### WORK TO COMPLETE:
Exercise in exact copying: restate word for word only the lines below from the one containing "NEXTA апублікаваў копію" through the one containing "- Nước sau lọc", omitting any pictures.

### INFORMATION:
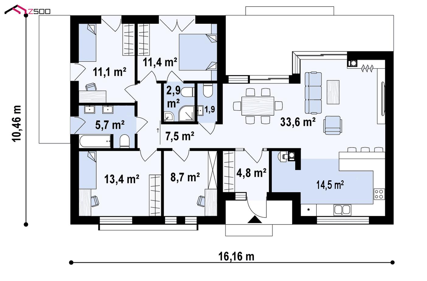Z461 v1 представляет собой вариант проекта Z461 с увеличенной площадью котельной.
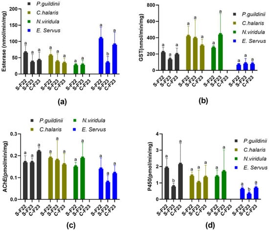 The enzyme activities of esterase (a), glutathione S-transferases (GST) (b), acetylcholinesterase (AChE) (c), and cytochrome P450 complex (P450) (d), for green stink bug (Chinavia halaris), southern green stink bug (Nezara Viridula), brown stink bug (Euschistus servus), and redbanded stink bug (Piezodorus guildinii) from three different populations: SIMRU-2022 (S-F22), SIMRU-2023 (S-F23), and Clarksdale-2023 (C-F23). Statistically significant differences were identified within each group of enzymes. Means sharing different letters on the top of the bars are significantly different, as determined using one-way analysis of variance with Tukey’s HSD test, and significant values were set at p < 0.05.
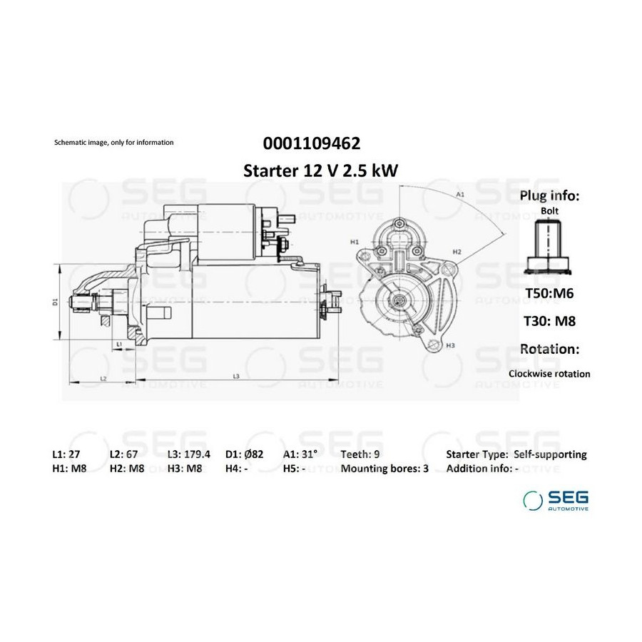 Number of Teeth 9 Number of mounting bores 3 Rotation Direction Clockwise rotation Starter motor power [kW] 2,5 Voltage [V] 12 Position / Degree R31 Clamp T50: M6; T30: M8 Plug Type ID Bolt Guarantee 2 years Length [mm] 246,4 Flange diameter [mm] 82 Similar products of other manufacturers
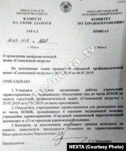 NEXTA апублікаваў копію дакумэнта, які вельмі нагадвае загад камітэту аховы здароўя Менгарвыканкаму. Згодна зь ім, гарадзкі клінічны наркалягічны дыспансэр і 11-я гарадзкая клінічная лякарня прызначаны «для разьмяшчэньня асобаў зь ліку БОМЖ, якія маюць патрэбу ў аказаньні мэдыцынскай дапамогі».
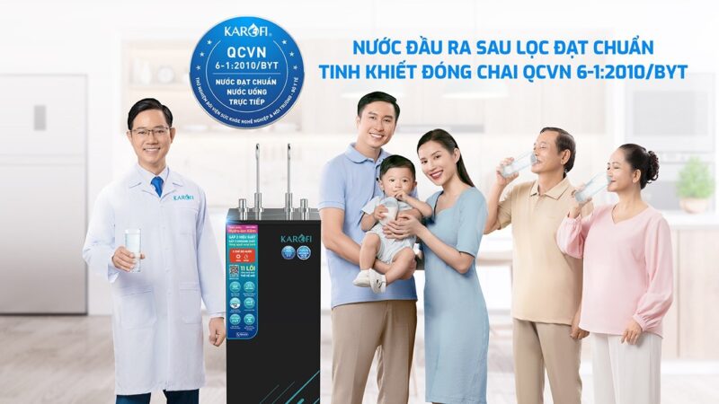 - Nước sau lọc đạt chuẩn QCVN 6-1:2010/BYT, uống trực tiếp tại vòi không cần đun sôi.
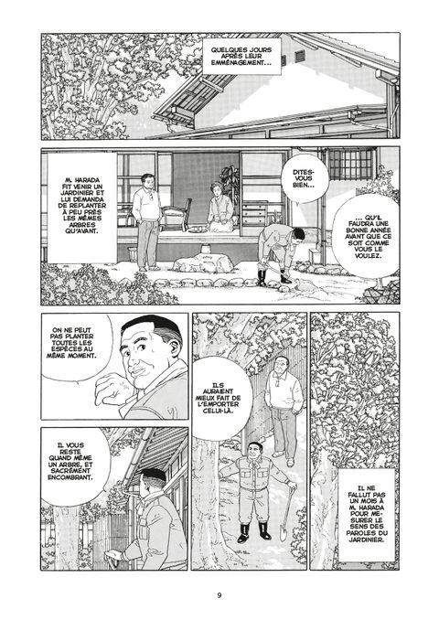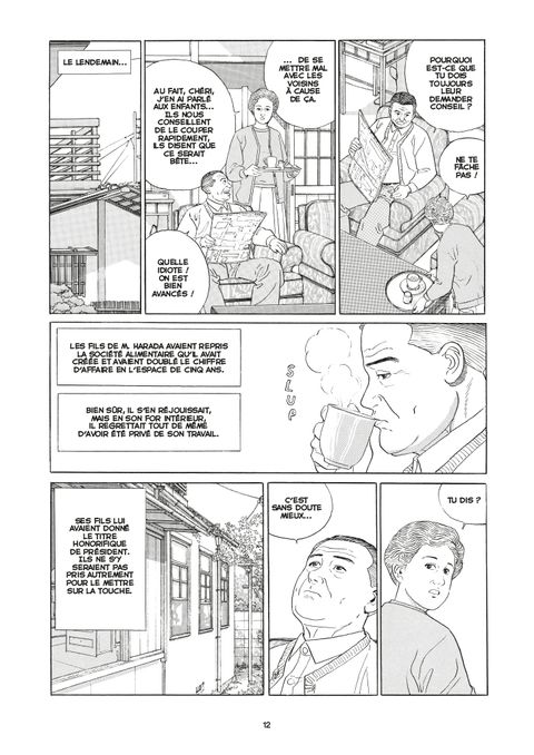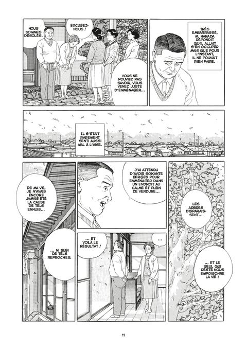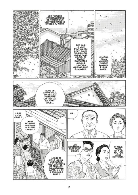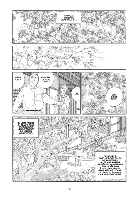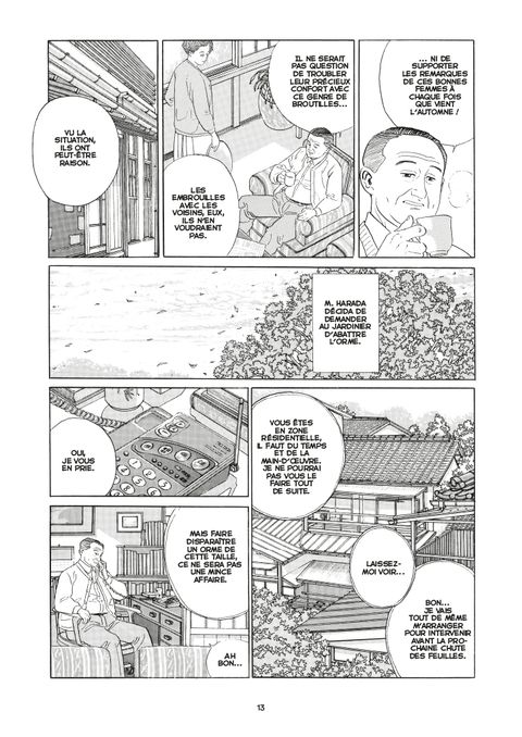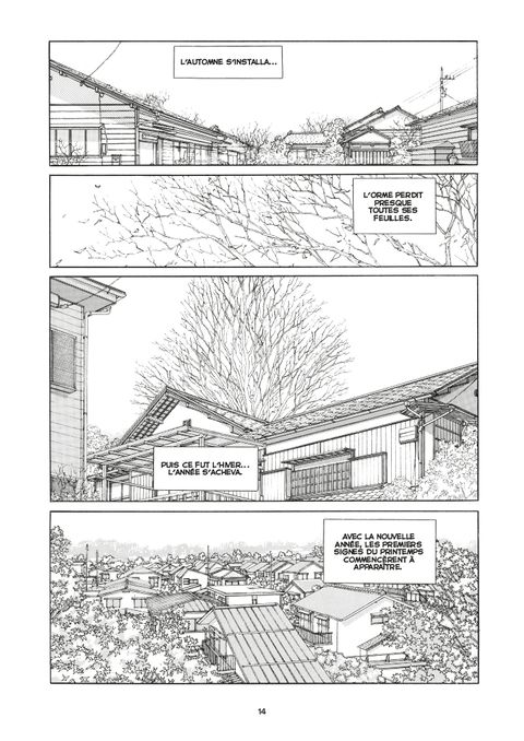 Chacune des nouvelles de ce recueil retrace une tranche de vie. Avec délicatesse, et par petites touches, Jirô Taniguchi campe des portraits de jeunes, de vieux, d'enfants à un moment difficile de leur existence. Comme la petite Hiromi, confiée provisoirement par sa maman à ses grands-parents, qui est terrorisée à l'idée d'être abandonnée. Ou comme M. Harada qui ne se résout pas à faire couper cet orme si beau et aux couleurs si subtiles, au simple prétexte qu'en automne, ses feuilles tombent dans la cour des voisins. Ou encore M. Iwasaki qui, par le plus pur des hasards, retrouve sa fille de 25 ans qu'il avait quittée alors qu'elle était encore bébé. Il finit par l'aborder, mais n'ose pas lui révéler son identité. Une nouvelle démonstration du très grand talent de Taniguchi, tout en pudeur et en sensibilité.
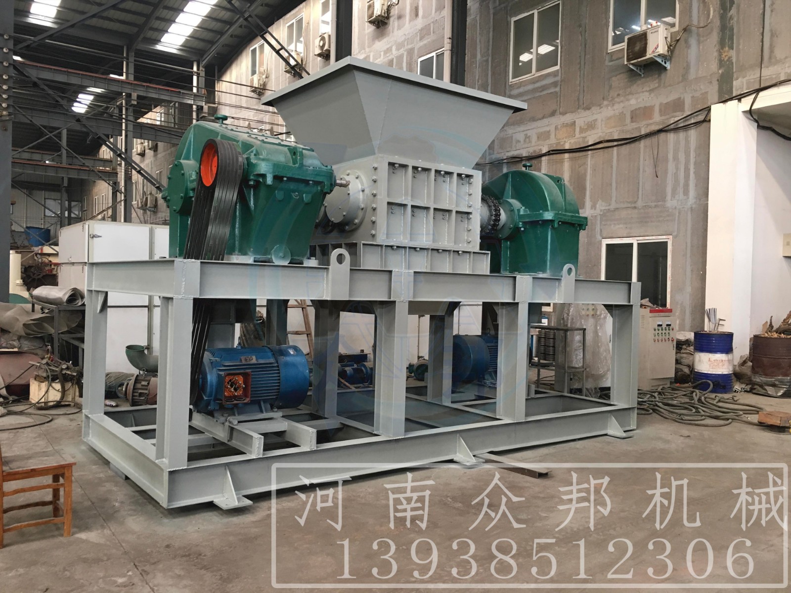 河南眾邦礦山機械設備有限公司(原河南省礦山機械設備有限公司)是專業從事研磨設備、破碎設備、粉碎機械、人工制砂設備、各種配套礦山設備以及各種民用設備的開發和生產的單位,公司主打產品:樹枝粉碎機,園林綠化樹枝粉碎機,城市綠化樹枝粉碎機,手推式樹枝粉碎機,鏈板進料木材破碎機,大型木頭樹枝粉碎機,環錘式破碎機, 顎式破碎機,液壓對輥破碎機,液壓雙輥制砂機,對輥制砂機,反擊破碎機,齒輥式破碎機,木材粉碎機,木料粉碎機,鋸末粉碎機,木屑粉碎機,礦石破碎機,木材切片機,木頭削片機,木材破碎機,鋸末烘干機,雙輥式破碎機等。自公司成立以來,注重自身形象建設,堅持以“誠信為本,品質至上”的經營理念,深受廣大國內外客戶的好評。公司擁有一支經驗豐富、技術精湛的售后服務團隊,客戶購機前,公司免費派工程技術人員到現場為用戶規劃場地,設計最佳流程和方案;購機后,公司將免費指派專業的售后服務人員到達現場指導客戶安裝調試和規劃管理設備。眾邦機械始終以;真誠的信譽,先進的技術,可靠的質量,滿意的服務來滿足廣大客戶對我們公司產品的需求。

### SOLUTION TO THE PROBLEM:
 NEXTA апублікаваў копію дакумэнта, які вельмі нагадвае загад камітэту аховы здароўя Менгарвыканкаму. Згодна зь ім, гарадзкі клінічны наркалягічны дыспансэр і 11-я гарадзкая клінічная лякарня прызначаны «для разьмяшчэньня асобаў зь ліку БОМЖ, якія маюць патрэбу ў аказаньні мэдыцынскай дапамогі».
 - Nước sau lọc đạt chuẩn QCVN 6-1:2010/BYT, uống trực tiếp tại vòi không cần đun sôi.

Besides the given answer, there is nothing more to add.